* [TO DO]: Using the data below, restate exactly every line from the one with "Yes, we added" up to and including the one with "وقال في تغريدة". No picture belongs in it.

* [LISTED RECORDS]:

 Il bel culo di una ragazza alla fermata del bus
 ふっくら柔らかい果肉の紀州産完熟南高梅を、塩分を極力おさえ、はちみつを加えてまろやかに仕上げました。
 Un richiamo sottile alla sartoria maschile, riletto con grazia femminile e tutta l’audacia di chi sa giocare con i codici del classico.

--

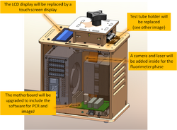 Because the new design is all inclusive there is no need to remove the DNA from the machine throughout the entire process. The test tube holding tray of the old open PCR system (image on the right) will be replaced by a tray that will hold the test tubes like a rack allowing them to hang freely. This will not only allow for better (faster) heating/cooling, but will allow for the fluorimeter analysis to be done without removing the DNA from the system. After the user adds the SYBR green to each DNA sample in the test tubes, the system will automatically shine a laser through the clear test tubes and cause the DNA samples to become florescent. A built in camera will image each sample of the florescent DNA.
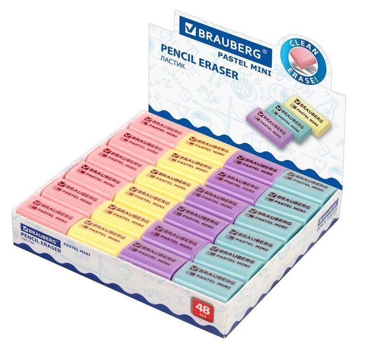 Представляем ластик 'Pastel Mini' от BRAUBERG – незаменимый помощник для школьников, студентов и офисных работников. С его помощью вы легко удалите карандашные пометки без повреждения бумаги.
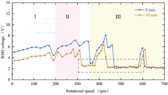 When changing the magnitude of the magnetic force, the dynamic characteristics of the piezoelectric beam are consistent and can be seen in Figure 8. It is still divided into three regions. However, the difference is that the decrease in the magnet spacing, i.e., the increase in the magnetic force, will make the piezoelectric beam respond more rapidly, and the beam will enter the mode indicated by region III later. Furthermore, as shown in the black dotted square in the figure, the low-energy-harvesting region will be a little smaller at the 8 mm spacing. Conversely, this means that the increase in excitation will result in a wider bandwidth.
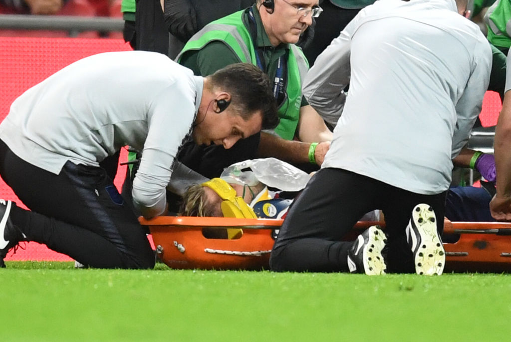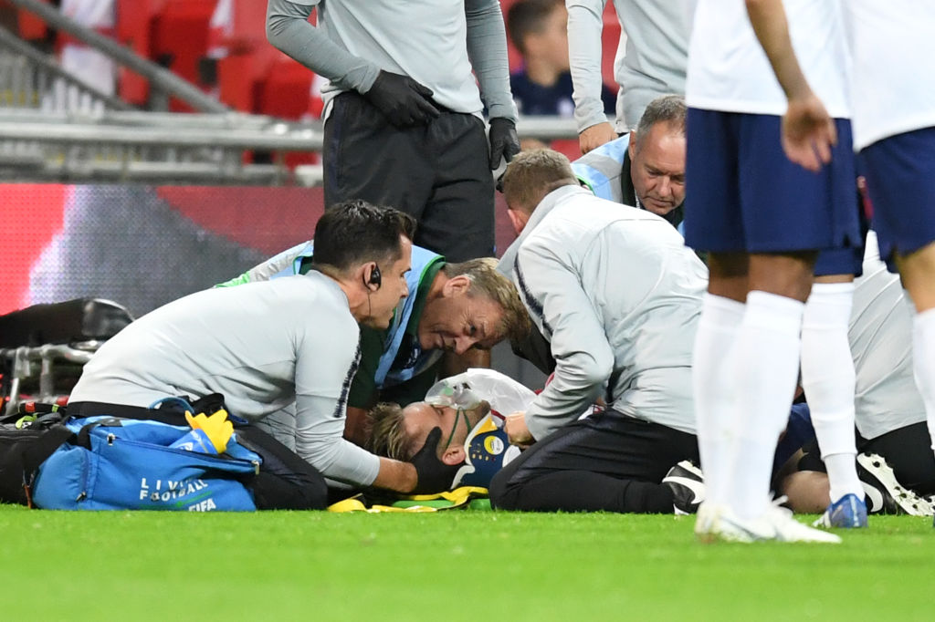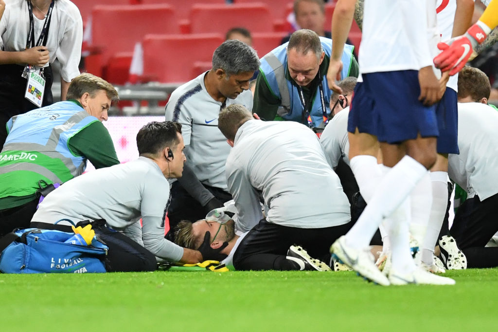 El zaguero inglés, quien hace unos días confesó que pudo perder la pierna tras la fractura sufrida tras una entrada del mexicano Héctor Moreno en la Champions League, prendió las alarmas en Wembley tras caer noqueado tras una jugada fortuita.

==

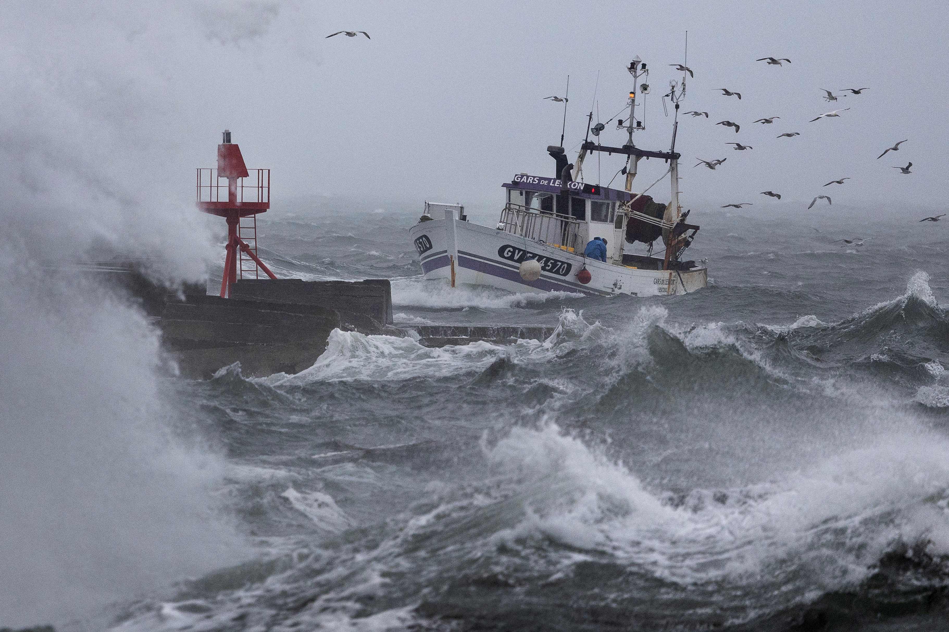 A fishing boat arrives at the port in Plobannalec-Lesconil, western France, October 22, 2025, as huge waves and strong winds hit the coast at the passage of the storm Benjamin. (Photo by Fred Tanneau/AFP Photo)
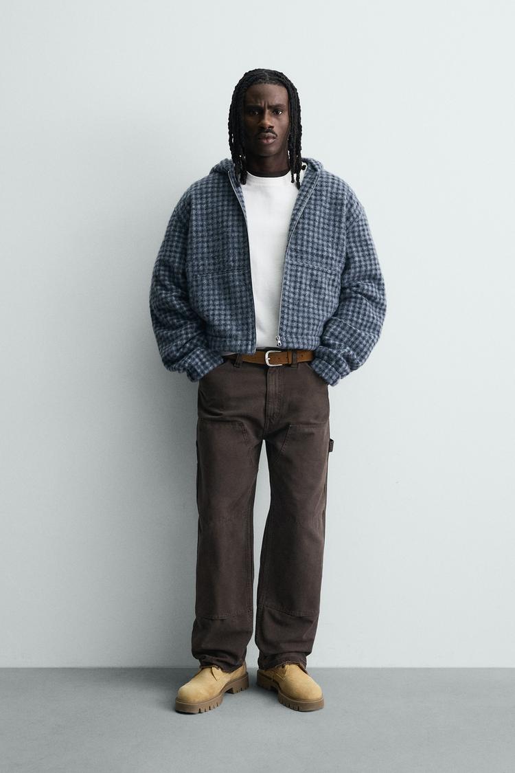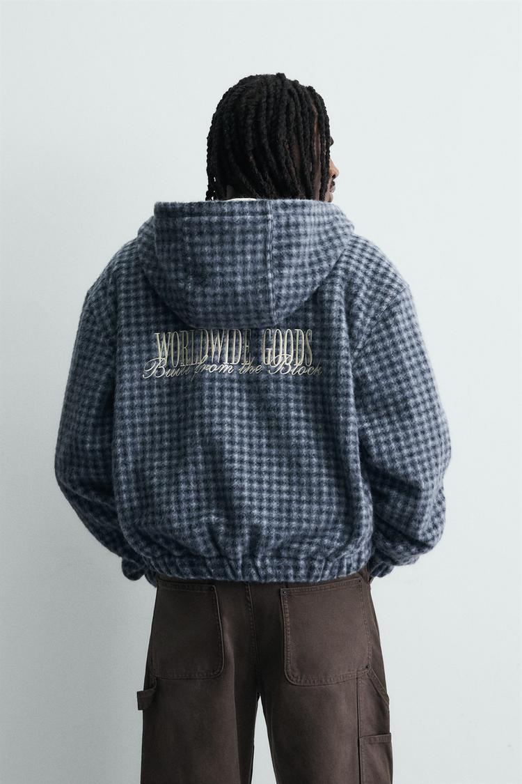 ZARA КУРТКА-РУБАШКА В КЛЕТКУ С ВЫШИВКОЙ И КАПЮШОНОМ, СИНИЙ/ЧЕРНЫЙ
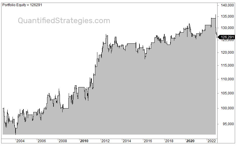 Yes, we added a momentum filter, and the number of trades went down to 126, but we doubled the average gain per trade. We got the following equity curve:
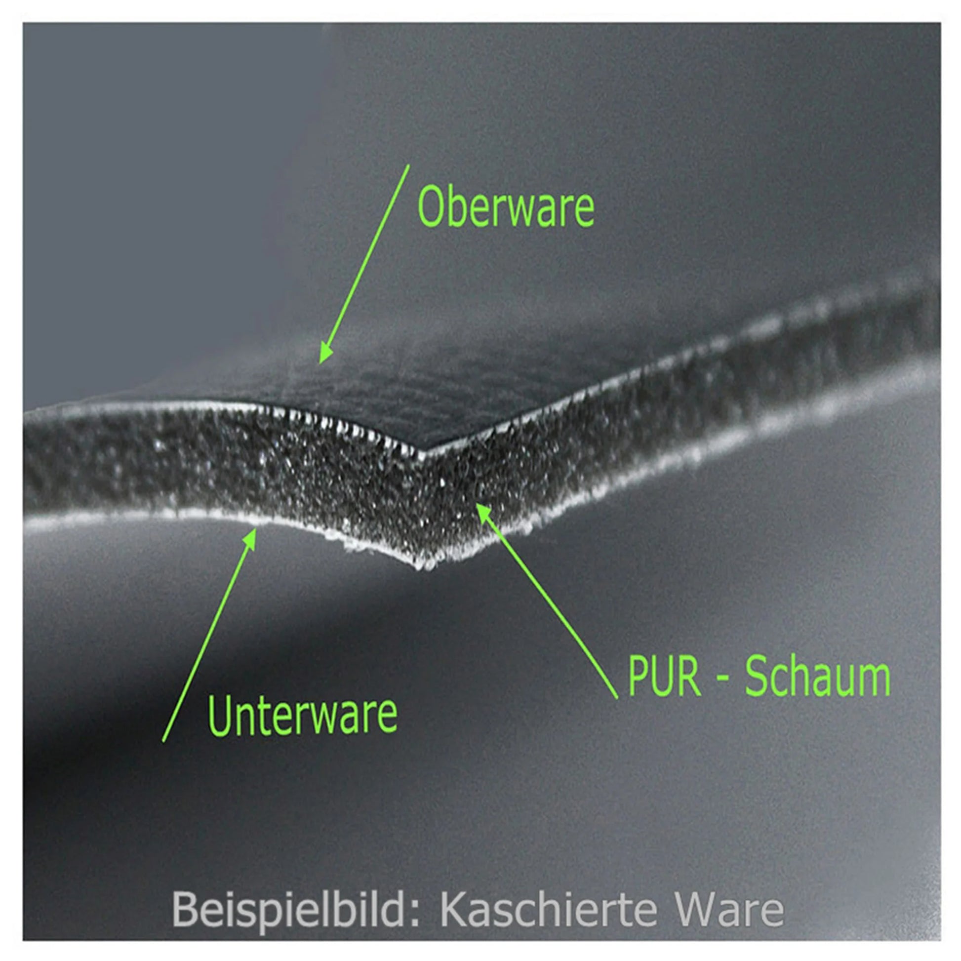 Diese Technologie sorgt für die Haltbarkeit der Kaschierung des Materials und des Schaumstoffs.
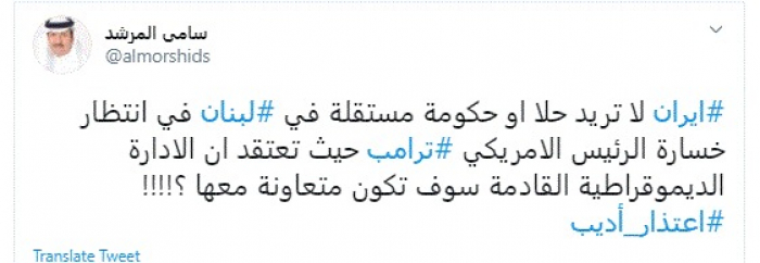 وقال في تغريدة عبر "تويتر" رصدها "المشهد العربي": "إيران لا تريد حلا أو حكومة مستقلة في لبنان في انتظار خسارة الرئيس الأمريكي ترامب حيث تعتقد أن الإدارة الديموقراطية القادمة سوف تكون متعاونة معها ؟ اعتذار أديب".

* [EXERCISE SOLUTION]:
 Yes, we added a momentum filter, and the number of trades went down to 126, but we doubled the average gain per trade. We got the following equity curve:
 Diese Technologie sorgt für die Haltbarkeit der Kaschierung des Materials und des Schaumstoffs.
 وقال في تغريدة عبر "تويتر" رصدها "المشهد العربي": "إيران لا تريد حلا أو حكومة مستقلة في لبنان في انتظار خسارة الرئيس الأمريكي ترامب حيث تعتقد أن الإدارة الديموقراطية القادمة سوف تكون متعاونة معها ؟ اعتذار أديب".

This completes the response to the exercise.